Study Finds Nearly Half of AI APIs in Research are Fake
A startling study found that nearly half of the 17 AI API proxies used in 187 different research papers were either fake or completely unverifiable. The findings highlight significant reliability and reproducibility issues within the ML research tooling ecosystem.
The study, titled "Real Money, Fake Models: Deceptive Model Claims in Shadow APIs," audited 17 third-party services providing access to large language models. These "shadow APIs" are often used by researchers to bypass the high costs, payment barriers, or regional restrictions of official APIs for models like GPT-4 and Gemini. Researchers identified 187 academic papers that utilized these shadow APIs, with one of the most popular services being cited nearly 6,000 times. The use of such services is particularly prevalent in regions with restricted access to the official APIs, which are often priced for enterprise-level customers, posing a challenge for individual academics or students. The investigation uncovered significant performance differences between the shadow and official APIs. On a medical benchmark test, the accuracy of one model plunged from 83.82% using the official API to around 37% through the shadow services. This discrepancy critically undermines the validity and reproducibility of the research findings. The problem extends beyond performance, with the study finding that 45.83% of fingerprinting tests to verify the model's identity failed.
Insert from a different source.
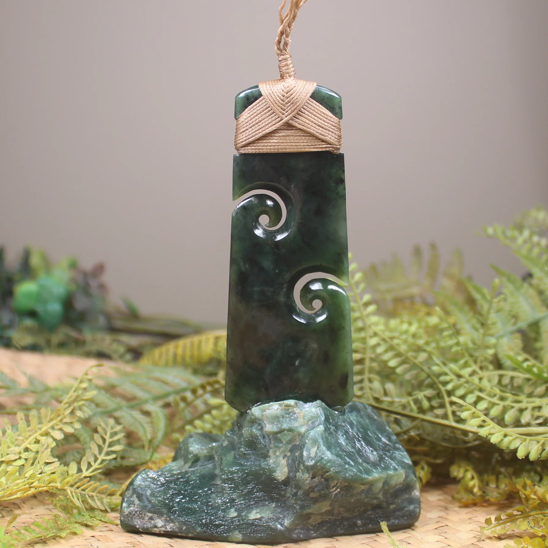 Stunning Rimu Pounamu carved into a lovely Toki with Koru Sculpture with a Pounamu base. Made by Allan Moreton.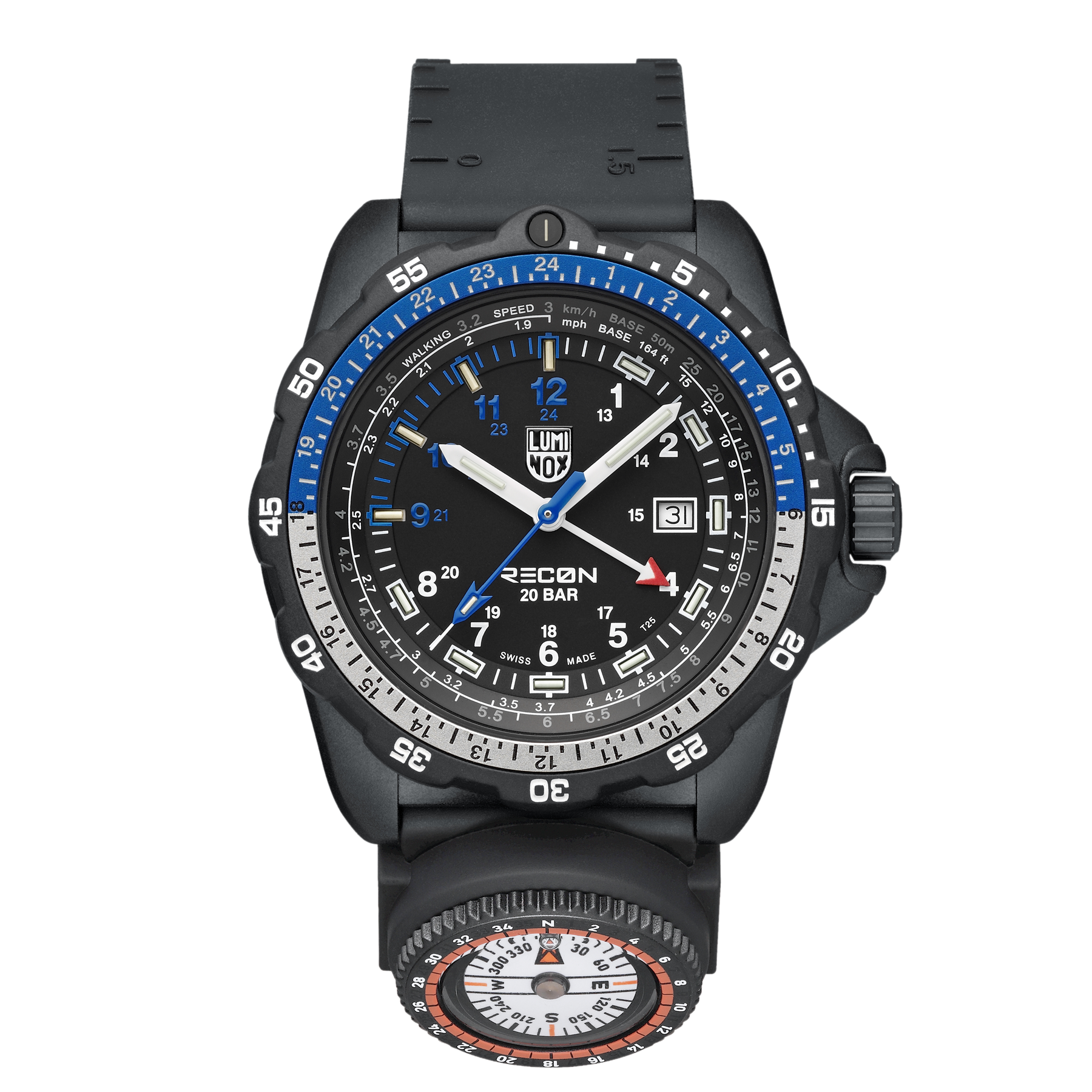 Built in collaboration with tactical specialist Andrea Micheli, this rugged 46 mm timepiece is engineered for precision navigation. The XL.8837.SET is constructed from a lightweight yet ultra-durable CARBONOX™ case and a unidirectional rotating bezel with a two-tone aluminium ring insert. The indexes 9-12 and the second hand in grasshopper green create an interesting colour highlight. The dial is protected by a sapphire crystal with anti-reflective coating, and the watch is water resistant up to 200 metres. Powered by a Swiss quartz GMT movement, the XL.8833 lets you track two time zones simultaneously perfect for global missions or international travel. The black nitrile rubber strap includes integrated map scales and ruler markings, plus a detachable compass, transforming the watch into a complete navigation instrument. This set comes with an additional grasshopper green webbing strap for added versatility. Thanks to Luminox Light Technology, the XL.8837.SET remains visible in all light conditions with a constant glow lasting up to 25 years.

This indicates that researchers may not even be using the AI model they believe they are, further compounding the reproducibility crisis in machine learning research. This issue of unverifiable tools is part of a larger conversation about research integrity in the age of AI. The academic community is already grappling with a surge in AI-generated fake research papers and fabricated data, which threatens to erode public trust in scientific findings. Ensuring the reliability of research is a cornerstone of scientific progress. The inability to reproduce results, whether due to fake APIs or other factors, can waste resources, hinder innovation, and lead to flawed conclusions being built upon by other researchers.